One Saturday every month, a group of volunteers gather in the streets of North Aurora. They are equipped with grabber reacher tools, gloves and large nametags. They came to clean the Colfax Corridor. They want to leave this street cleaner than when they arrived.
From Christmas trees to needles to giant televisions, Christopher Belila has seen a large amass of litter. Belila formed a team of volunteers to set about this issue. We Are A-Town is a monthly street cleaning crew who tidy up the Colfax Corridor. They meet on the last Saturday of every month. Chris plans to begin 2022 cleanups in March and end in October.
“There is nothing insurmountable.” Belila said. “The goal is to get people engaged and show that we are a community.” Belila and the volunteers from We Are A-Town received sponsorship through companies like Ace Hardware and Waste Management. WM even donated the use of a large dumpster for large item haul-offs during one of the monthly cleanups. We Are A-Town improved its ability to clean streets through theses sponsorships and linking itself with community outreach groups like the Youth Violence Prevention Program.
Belila was inspired by community leader William Gondrez, who has actively cleaned the streets of Aurora on a daily basis since 2014. On that year, he wrote a five-page proposal to the Aurora Mayor and city council concerning his idea to clean up Aurora. A number of streets in declining conditions of litter have been met by Gondrez’s efforts, including: Colfax Ave, Montview Blvd, Havana St, 16th Avenue, and 17th Avenue. He focused on the alleys and surrounding businesses, as well as the streets when cleaning them.
“It involved every department within the city to include Aurora Public Schools.” Gondrez, a teacher himself, said, “The city took on the initiative and created a beautification grant system.” Any group, no matter how small, that shows it cares can impact the entire community. Aurora knows this and the city has issued annual clean ups sponsored by the Aurora Police Department in the past. The grant system championed by William Gondrez has grown to award $60,000 a year for various projects.
Among the many volunteers who have shown up for We Are A-Town cleanups is Amy Forestieri. Amy is a USAF veteran whose efforts are two-pronged: she participates in the cleanup, and she documents these events with her photography skills. She first learned about the monthly trash pickup through the Business Arts Culture of Aurora. Forestieri and her daughter go to the monthly events for about two hours to pick up litter. At the end they visit the local businesses.
“You have to be part of the solution.” Forestieri said. Forestieri brings her daughter to the events. They play a game of who can find the “most interesting treasures”. Forestieri found a stuffed tiger tucked into a tree on one venture. In addition to cleaning the streets, Forestieri documents people on Colfax with her camera as a means to bring happiness to people facing housing security. The people she photographs are people she has known for some time and she gained their trust through participating in community events. She claims that cleaning the streets is one way she’s gained the trust of the community.

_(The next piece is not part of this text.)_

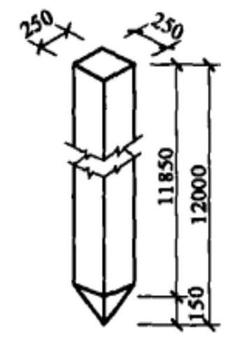 【例】某单位工程采用钢筋混凝土方桩基础,三类土,用柴油打桩机打预制钢筋混凝土方桩160根,根据图计算打方桩工程量和定额直接费。

“An environment becomes healthy through cleaning it.” Forestieri said. “When people drive down to E. Colfax Ave, Aurora to volunteer their free time to pick up trash regardless of the weather,” said Forestieri, “Well, I think that’s inspiring.”
There are no shortage of ways to get involved. We Are A-Town meets the last Saturday of every month behind People’s Building (Colfax Avenue & Florence Street). Bill Gondrez is accepting volunteers for his Block Captain program.
“I know we are not going to change the world through this. But we are still going to do our part.” Belila said, “I don’t think Aurora Ward 1 has had the opportunity to show what it has.”